== WORK REQUEST ==
The answer should hold only the lines from the one that contains "Os Church, Hedmark" through the last line of the material, repeated exactly, without pictures.

== INPUT DATA ==
#####

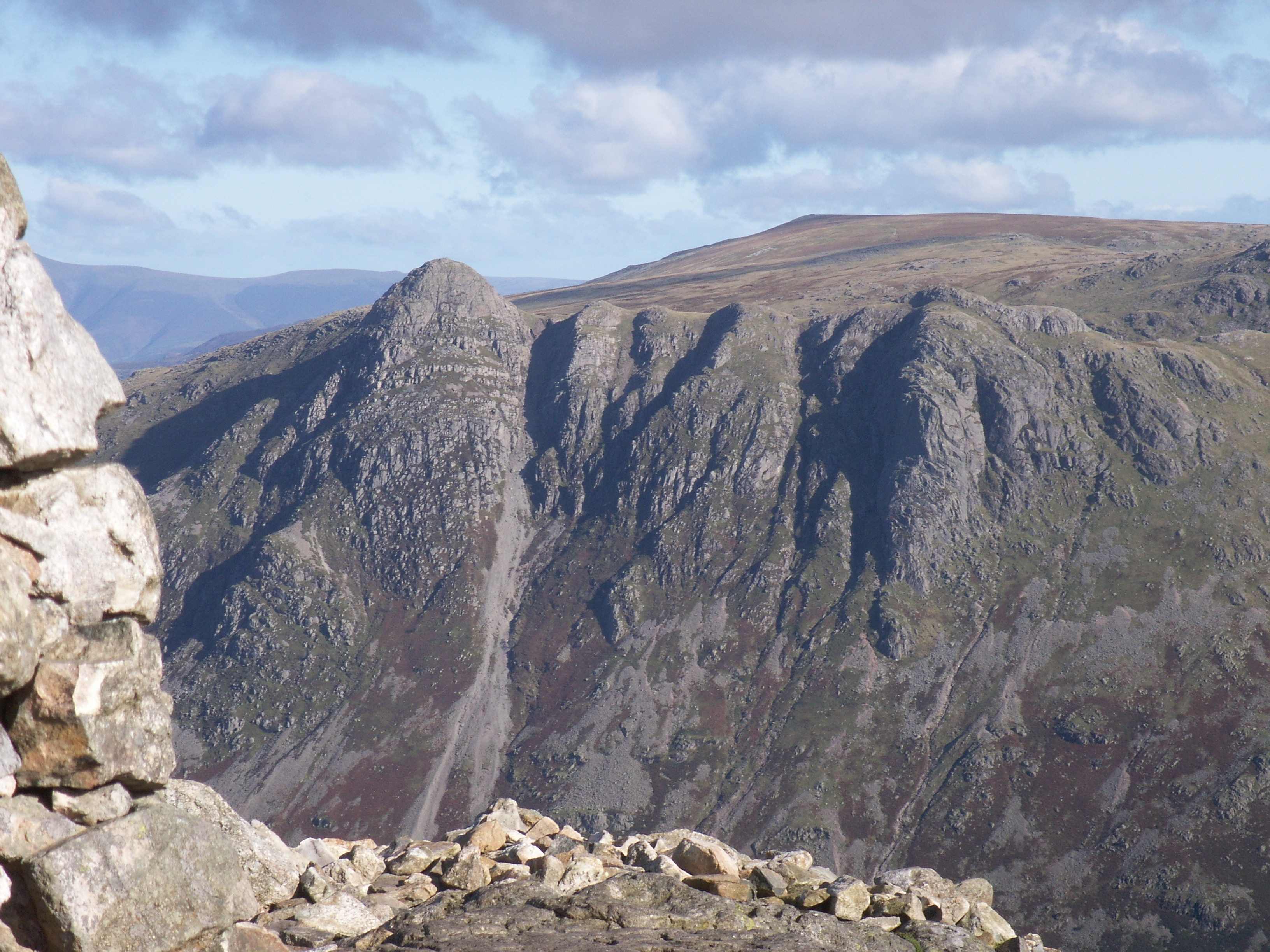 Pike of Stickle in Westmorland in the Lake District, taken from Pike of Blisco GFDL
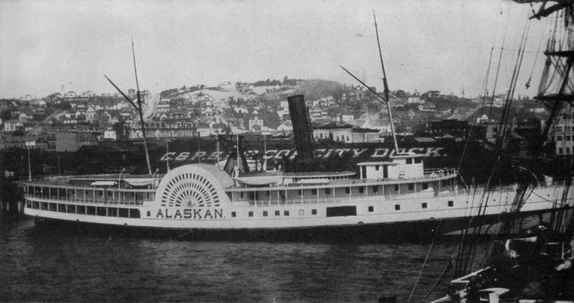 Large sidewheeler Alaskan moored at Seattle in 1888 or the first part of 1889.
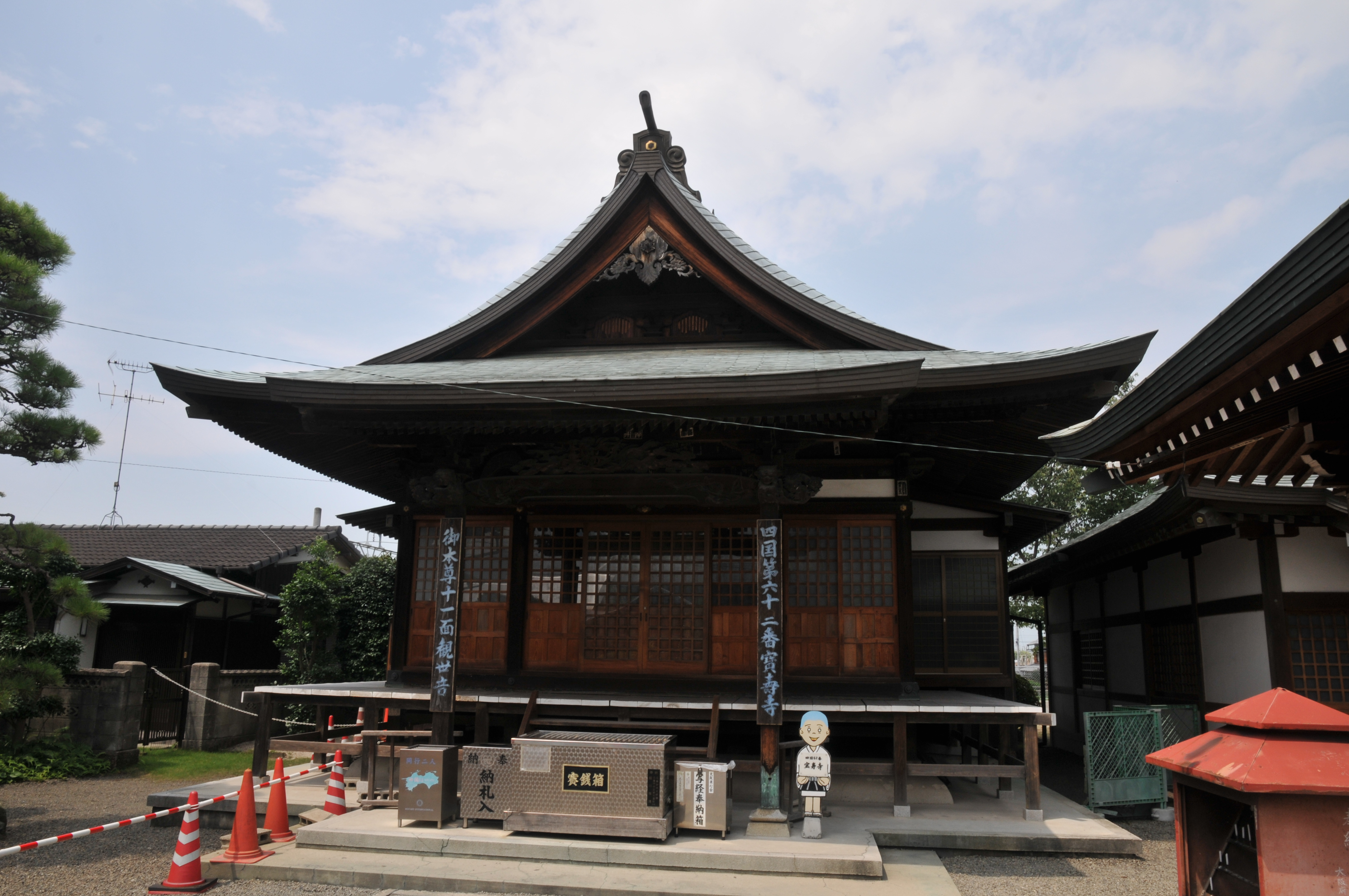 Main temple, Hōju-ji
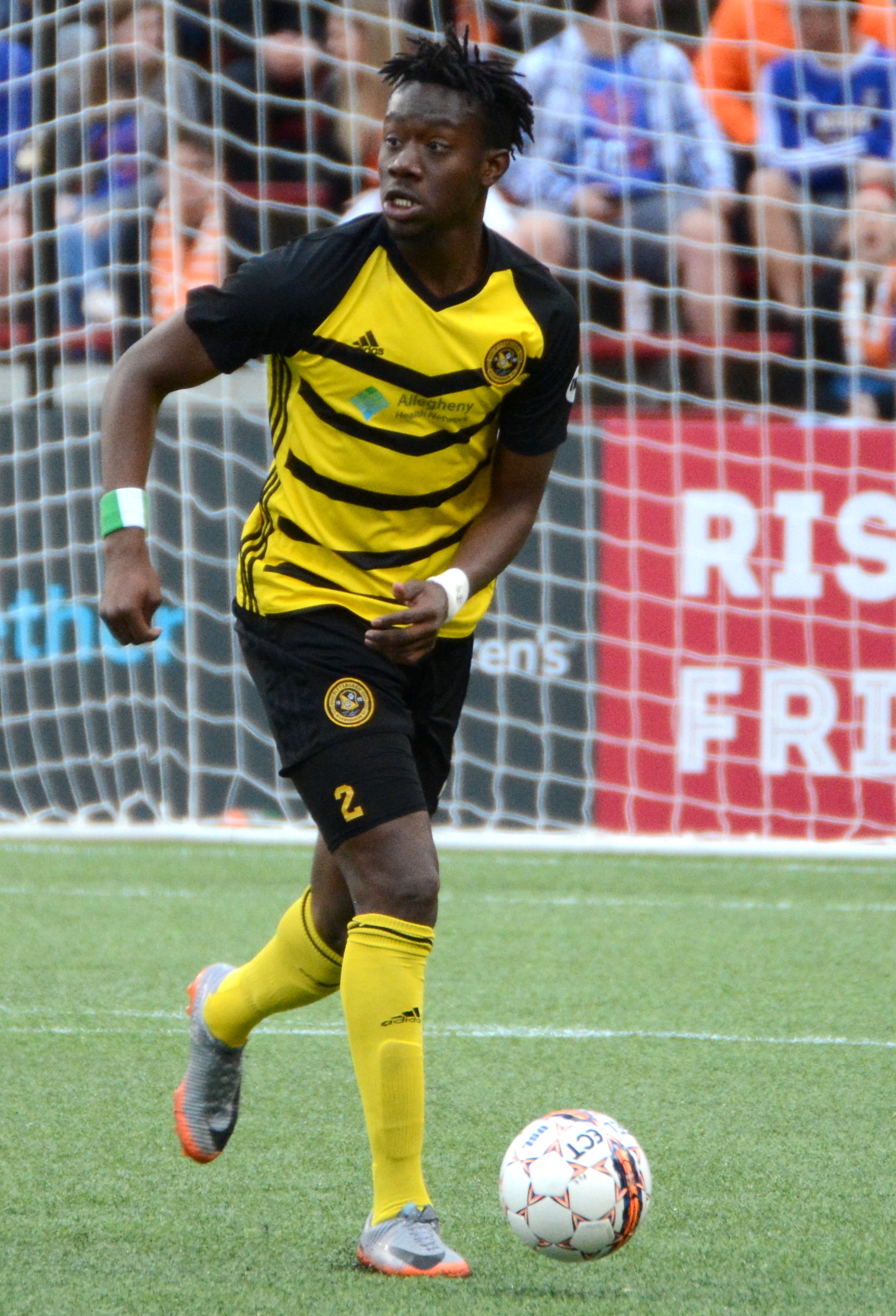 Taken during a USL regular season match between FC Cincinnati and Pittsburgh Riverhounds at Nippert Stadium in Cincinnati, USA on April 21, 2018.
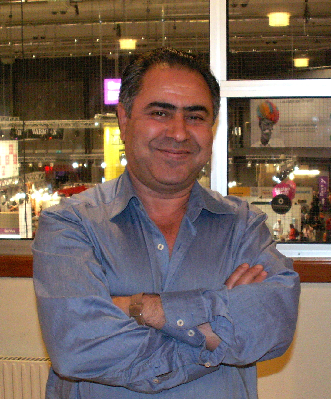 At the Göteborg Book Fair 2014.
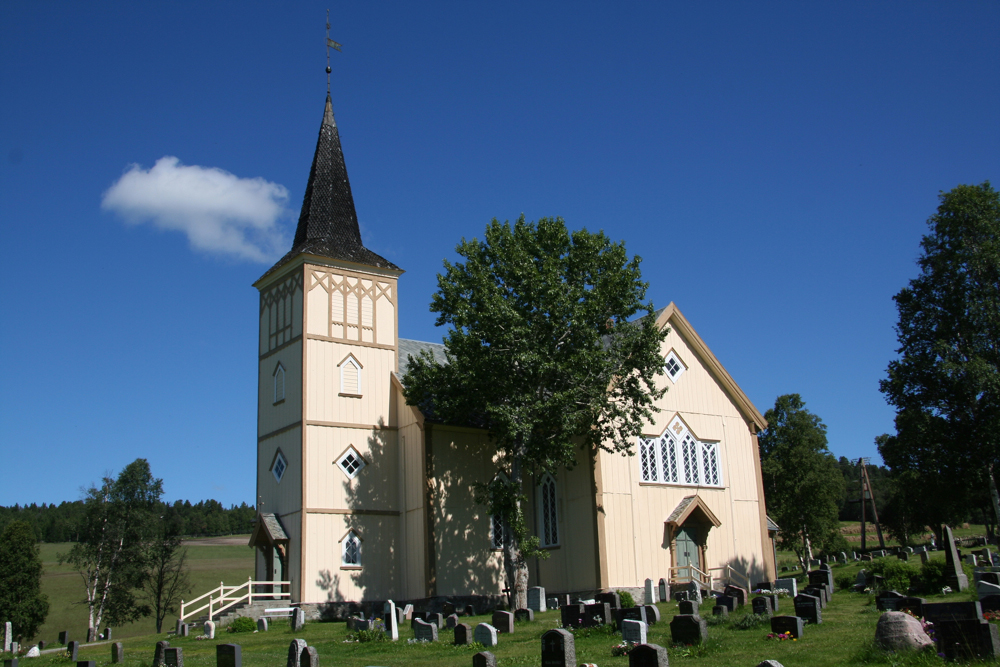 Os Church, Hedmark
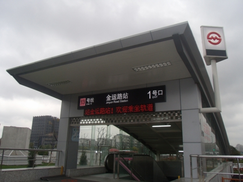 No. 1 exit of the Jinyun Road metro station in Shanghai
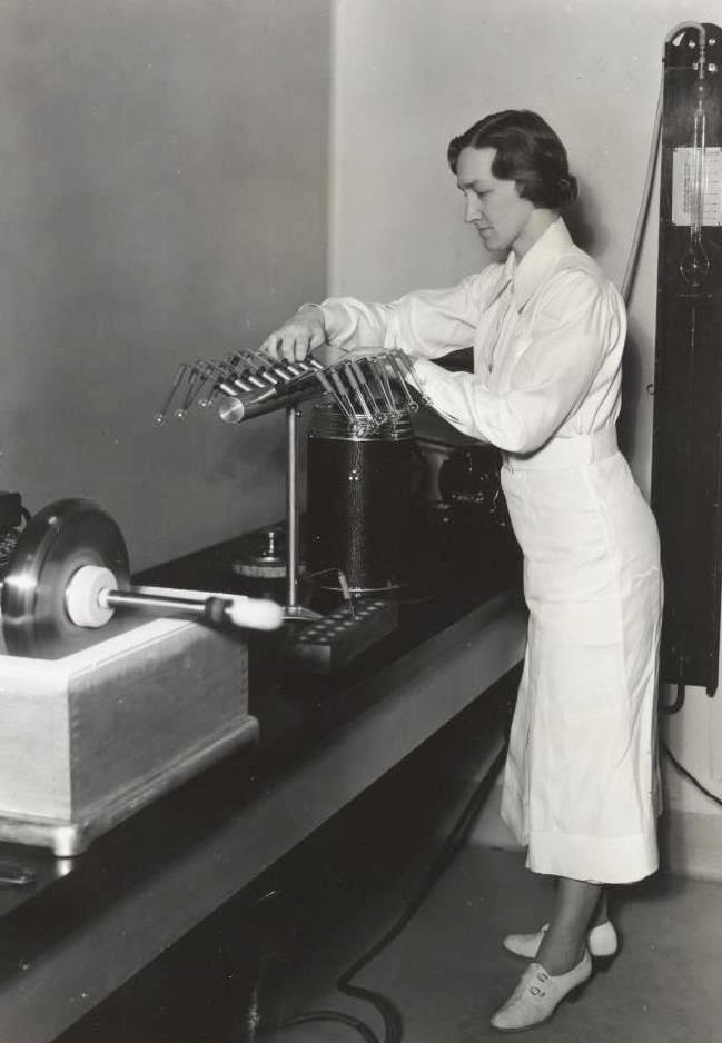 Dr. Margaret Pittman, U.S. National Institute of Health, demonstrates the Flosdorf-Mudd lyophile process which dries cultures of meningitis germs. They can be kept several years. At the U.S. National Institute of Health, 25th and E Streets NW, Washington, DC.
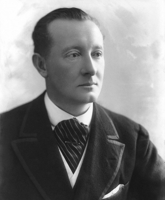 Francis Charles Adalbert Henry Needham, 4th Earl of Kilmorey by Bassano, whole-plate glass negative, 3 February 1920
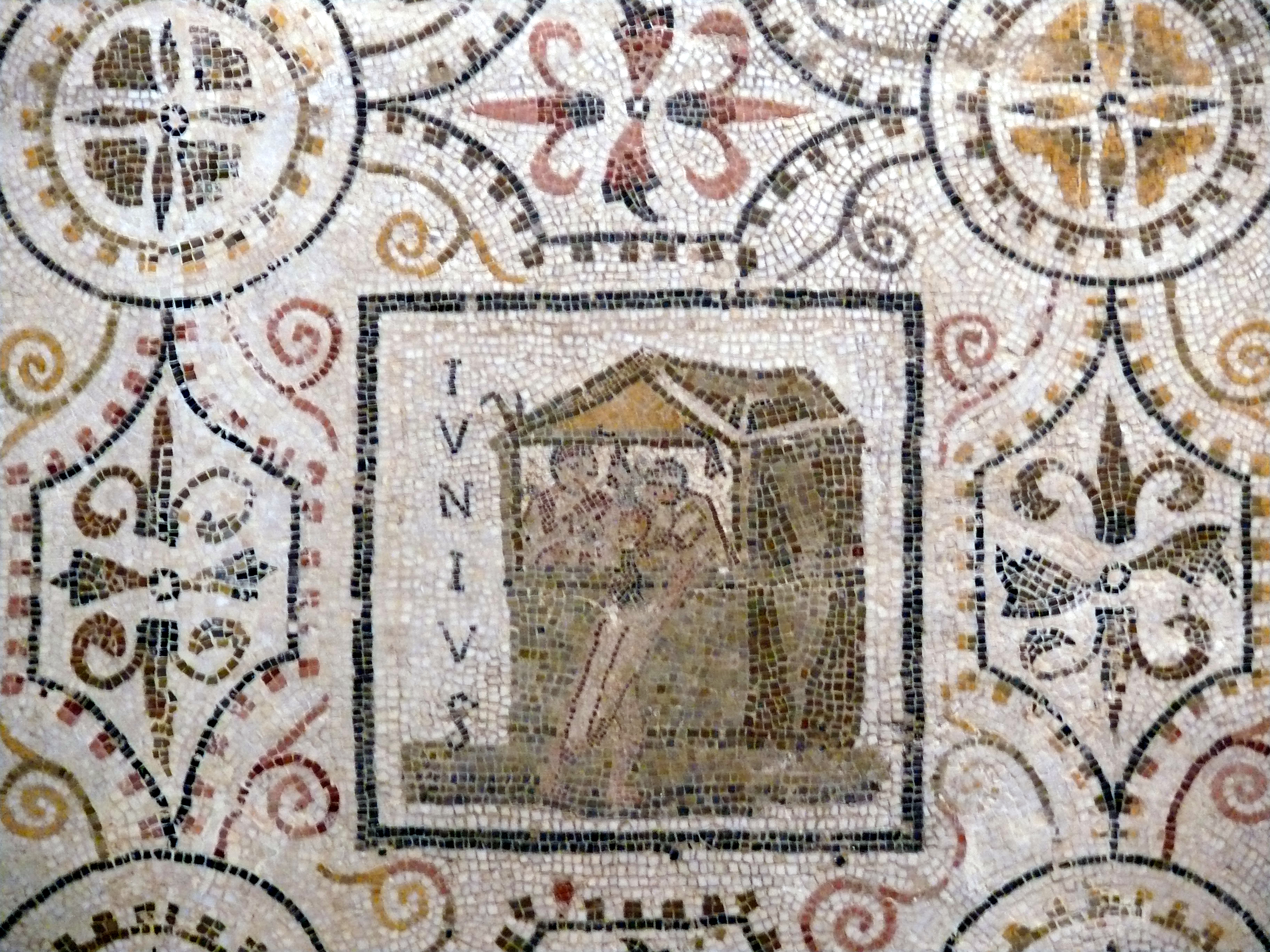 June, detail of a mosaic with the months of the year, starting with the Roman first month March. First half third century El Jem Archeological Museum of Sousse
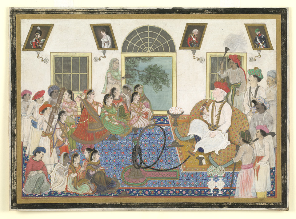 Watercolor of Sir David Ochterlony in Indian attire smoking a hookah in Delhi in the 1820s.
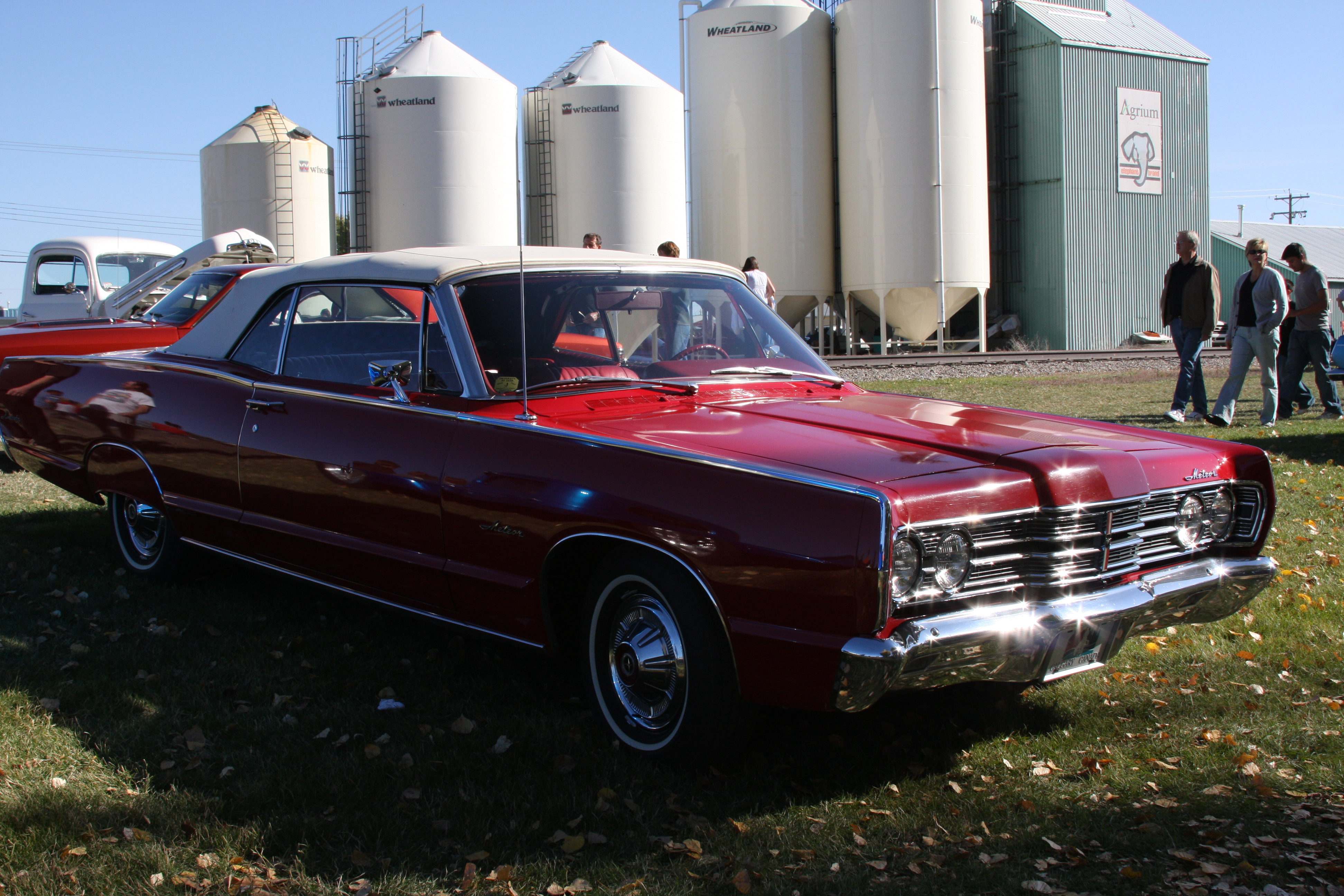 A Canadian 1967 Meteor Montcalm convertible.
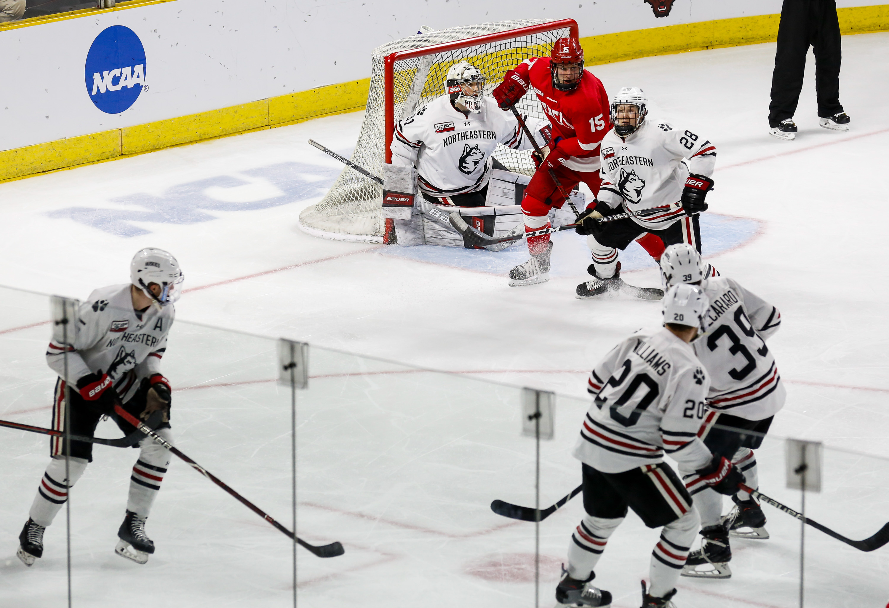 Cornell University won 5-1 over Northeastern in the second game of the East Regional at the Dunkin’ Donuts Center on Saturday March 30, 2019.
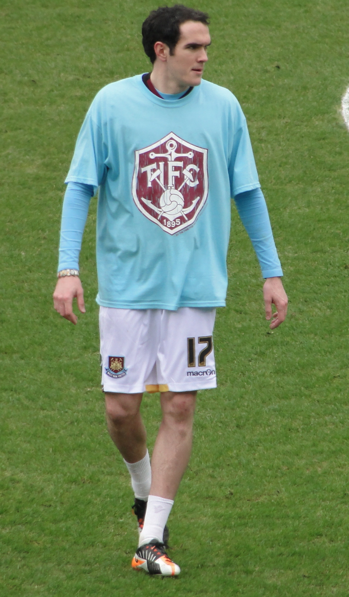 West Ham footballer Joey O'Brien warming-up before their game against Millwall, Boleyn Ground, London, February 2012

#####

== SOLVED PROBLEM ==
 Os Church, Hedmark
 No. 1 exit of the Jinyun Road metro station in Shanghai
 Dr. Margaret Pittman, U.S. National Institute of Health, demonstrates the Flosdorf-Mudd lyophile process which dries cultures of meningitis germs. They can be kept several years. At the U.S. National Institute of Health, 25th and E Streets NW, Washington, DC.
 Francis Charles Adalbert Henry Needham, 4th Earl of Kilmorey by Bassano, whole-plate glass negative, 3 February 1920
 June, detail of a mosaic with the months of the year, starting with the Roman first month March. First half third century El Jem Archeological Museum of Sousse
 Watercolor of Sir David Ochterlony in Indian attire smoking a hookah in Delhi in the 1820s.
 A Canadian 1967 Meteor Montcalm convertible.
 Cornell University won 5-1 over Northeastern in the second game of the East Regional at the Dunkin’ Donuts Center on Saturday March 30, 2019.
 West Ham footballer Joey O'Brien warming-up before their game against Millwall, Boleyn Ground, London, February 2012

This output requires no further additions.